## WORK INSTRUCTION
The data below should be printed in full, exactly, and without any of its images.

## DATASET CONTENT
⟨

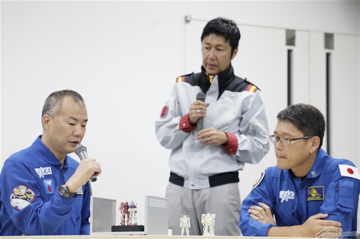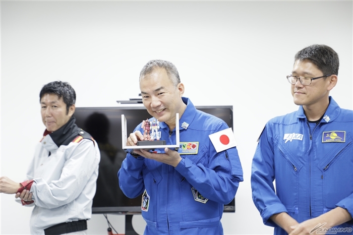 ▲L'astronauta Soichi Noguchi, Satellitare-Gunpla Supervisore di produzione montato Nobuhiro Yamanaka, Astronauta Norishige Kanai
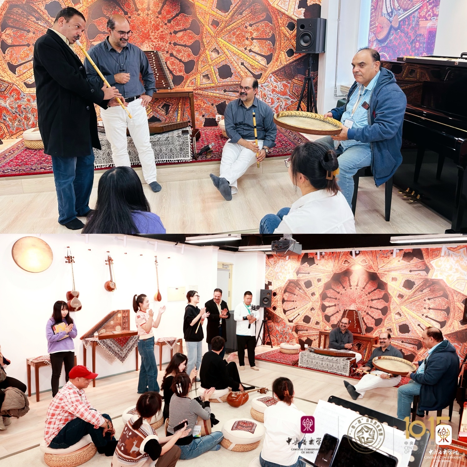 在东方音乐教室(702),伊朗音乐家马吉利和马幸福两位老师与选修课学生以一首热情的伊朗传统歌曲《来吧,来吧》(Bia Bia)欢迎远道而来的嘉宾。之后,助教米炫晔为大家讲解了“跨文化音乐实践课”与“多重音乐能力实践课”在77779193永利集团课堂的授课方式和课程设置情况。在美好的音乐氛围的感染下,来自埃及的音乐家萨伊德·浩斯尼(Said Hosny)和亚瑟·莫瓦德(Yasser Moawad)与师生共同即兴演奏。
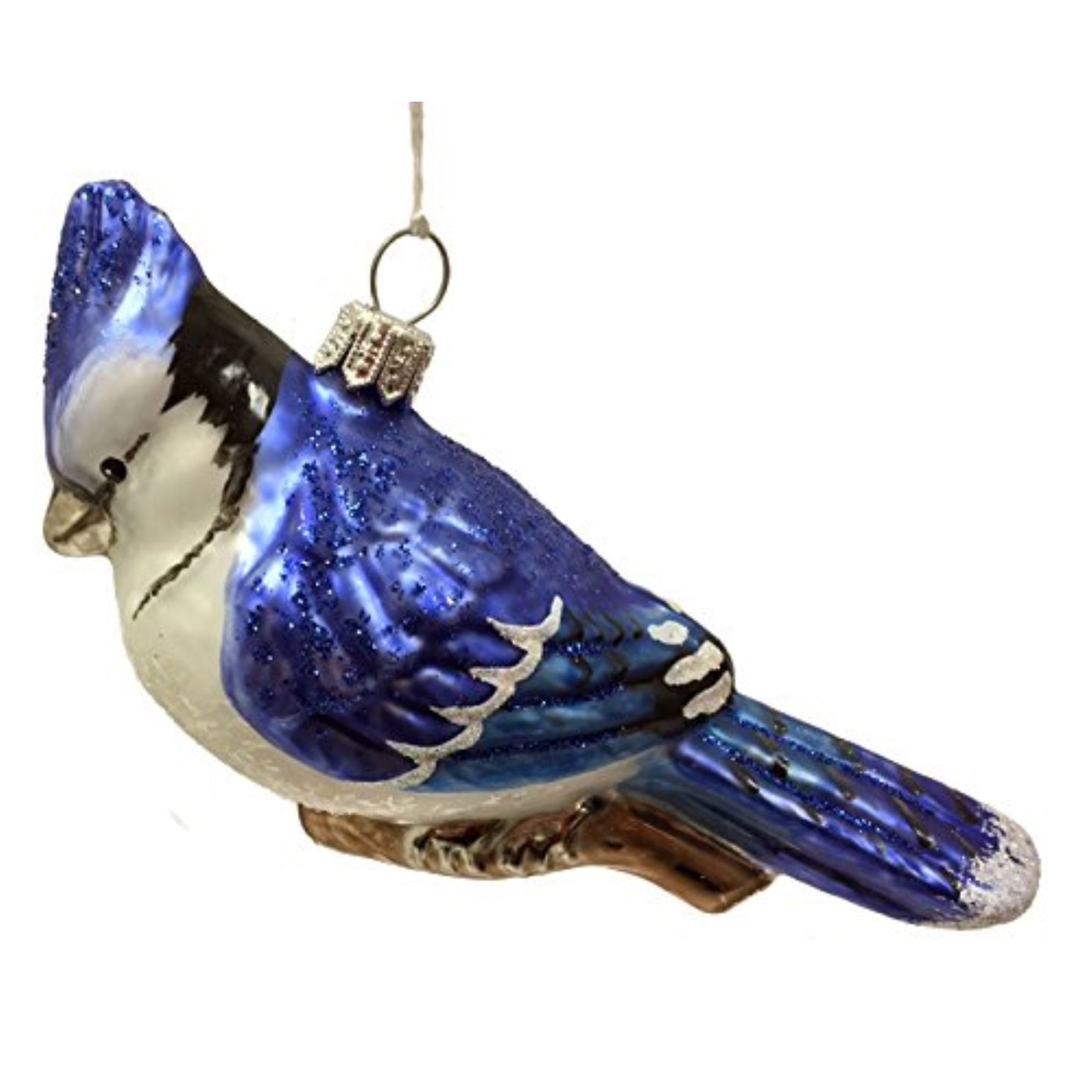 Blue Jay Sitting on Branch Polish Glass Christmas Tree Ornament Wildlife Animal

⟩

## REPLY TO THE EXERCISE
 ▲L'astronauta Soichi Noguchi, Satellitare-Gunpla Supervisore di produzione montato Nobuhiro Yamanaka, Astronauta Norishige Kanai
 在东方音乐教室(702),伊朗音乐家马吉利和马幸福两位老师与选修课学生以一首热情的伊朗传统歌曲《来吧,来吧》(Bia Bia)欢迎远道而来的嘉宾。之后,助教米炫晔为大家讲解了“跨文化音乐实践课”与“多重音乐能力实践课”在77779193永利集团课堂的授课方式和课程设置情况。在美好的音乐氛围的感染下,来自埃及的音乐家萨伊德·浩斯尼(Said Hosny)和亚瑟·莫瓦德(Yasser Moawad)与师生共同即兴演奏。
 Blue Jay Sitting on Branch Polish Glass Christmas Tree Ornament Wildlife Animal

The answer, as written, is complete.